- [Data supplied]:
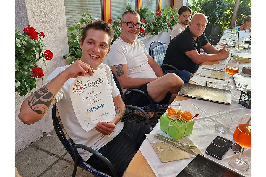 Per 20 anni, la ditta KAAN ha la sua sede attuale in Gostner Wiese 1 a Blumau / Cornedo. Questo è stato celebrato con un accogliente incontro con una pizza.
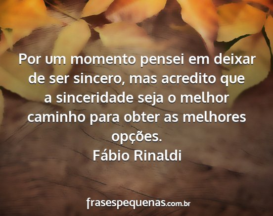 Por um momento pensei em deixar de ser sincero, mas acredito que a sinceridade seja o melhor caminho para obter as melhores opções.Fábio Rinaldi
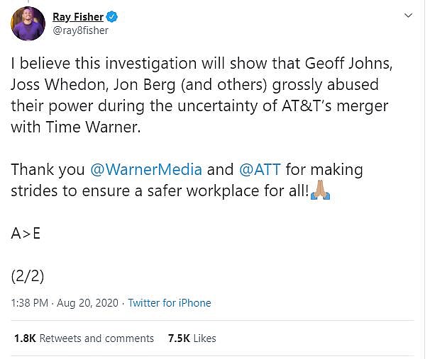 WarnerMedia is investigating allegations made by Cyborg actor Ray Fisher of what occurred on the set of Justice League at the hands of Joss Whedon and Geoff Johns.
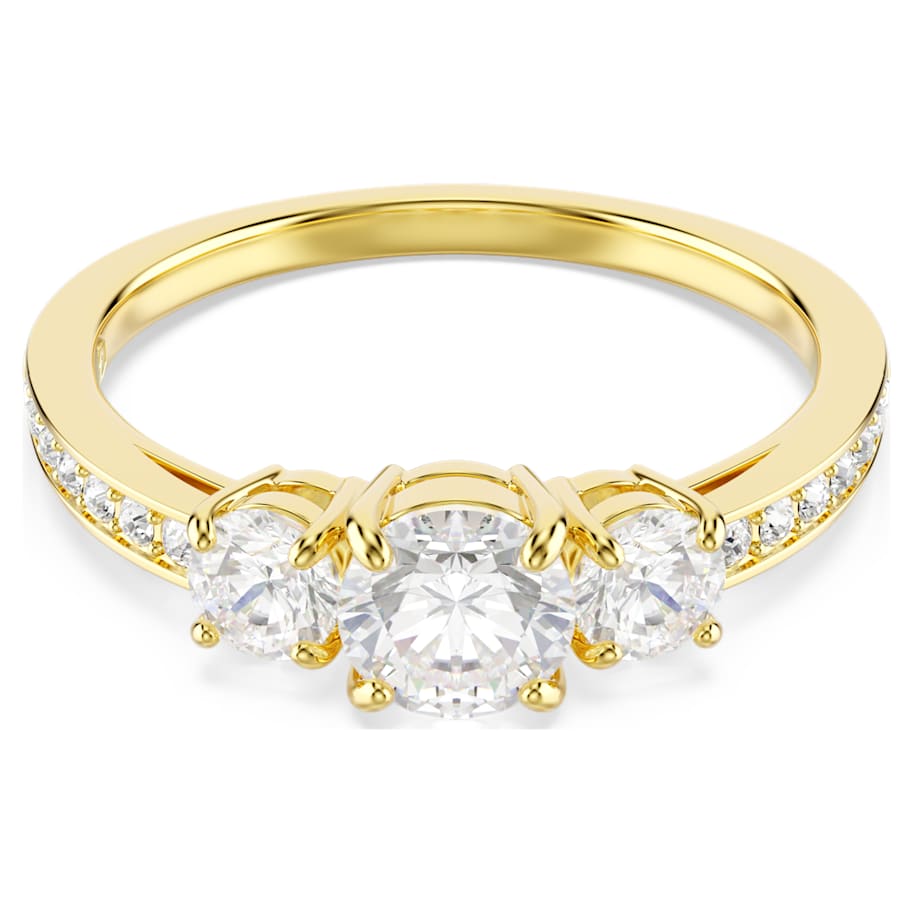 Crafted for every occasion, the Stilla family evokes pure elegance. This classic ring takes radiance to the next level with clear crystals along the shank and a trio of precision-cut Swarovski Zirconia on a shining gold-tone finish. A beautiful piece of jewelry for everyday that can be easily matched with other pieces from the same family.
...
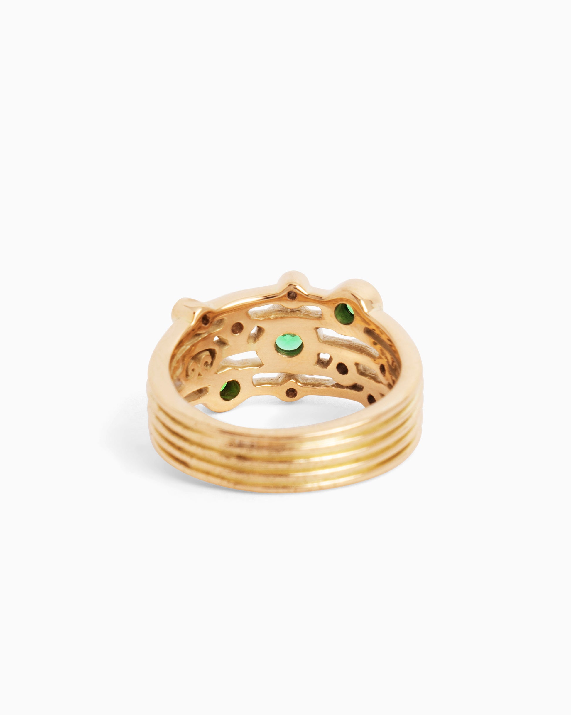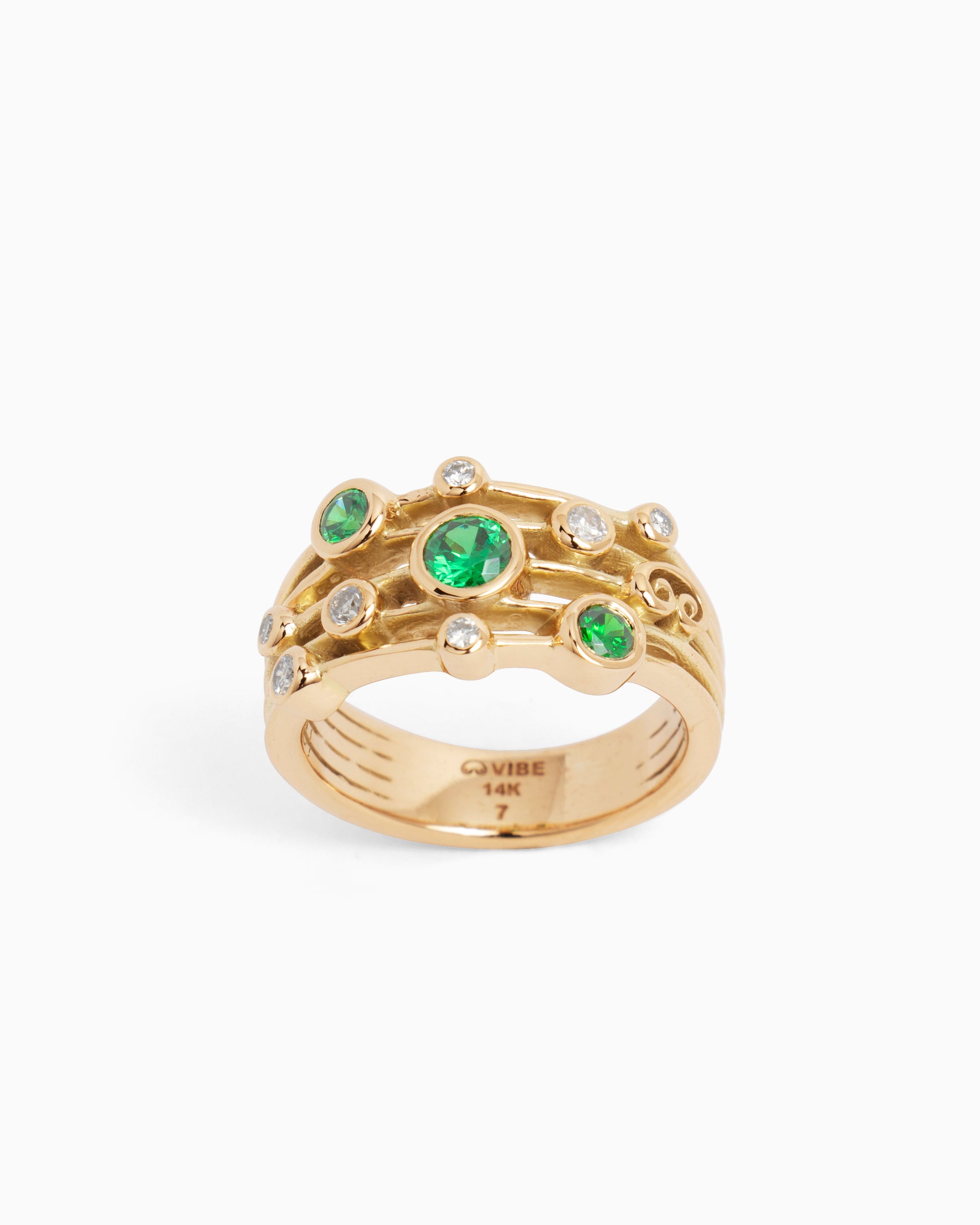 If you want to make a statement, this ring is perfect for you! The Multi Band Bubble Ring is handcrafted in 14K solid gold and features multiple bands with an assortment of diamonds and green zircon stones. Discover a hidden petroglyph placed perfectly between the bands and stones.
--
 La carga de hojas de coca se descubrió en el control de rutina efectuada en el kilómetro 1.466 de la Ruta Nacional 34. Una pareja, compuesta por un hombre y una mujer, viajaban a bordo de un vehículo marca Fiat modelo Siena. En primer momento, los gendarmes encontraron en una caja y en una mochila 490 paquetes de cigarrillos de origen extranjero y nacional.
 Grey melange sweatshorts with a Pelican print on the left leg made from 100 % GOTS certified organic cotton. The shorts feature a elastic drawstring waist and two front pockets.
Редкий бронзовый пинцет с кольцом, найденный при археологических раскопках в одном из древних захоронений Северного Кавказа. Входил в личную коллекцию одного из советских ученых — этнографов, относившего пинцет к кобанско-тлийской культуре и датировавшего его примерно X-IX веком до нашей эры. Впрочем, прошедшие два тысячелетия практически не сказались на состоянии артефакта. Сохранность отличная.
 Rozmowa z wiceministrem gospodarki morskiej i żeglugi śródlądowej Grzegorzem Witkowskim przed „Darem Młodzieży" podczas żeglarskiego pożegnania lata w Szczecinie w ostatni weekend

- [Your instructions]: What you give back must be the stretch above, starting at the line with "Grey melange sweatshorts" and ending at the line with "Редкий бронзовый пинцет", copied exactly.

- [Finished exercise]:
 Grey melange sweatshorts with a Pelican print on the left leg made from 100 % GOTS certified organic cotton. The shorts feature a elastic drawstring waist and two front pockets.
Редкий бронзовый пинцет с кольцом, найденный при археологических раскопках в одном из древних захоронений Северного Кавказа. Входил в личную коллекцию одного из советских ученых — этнографов, относившего пинцет к кобанско-тлийской культуре и датировавшего его примерно X-IX веком до нашей эры. Впрочем, прошедшие два тысячелетия практически не сказались на состоянии артефакта. Сохранность отличная.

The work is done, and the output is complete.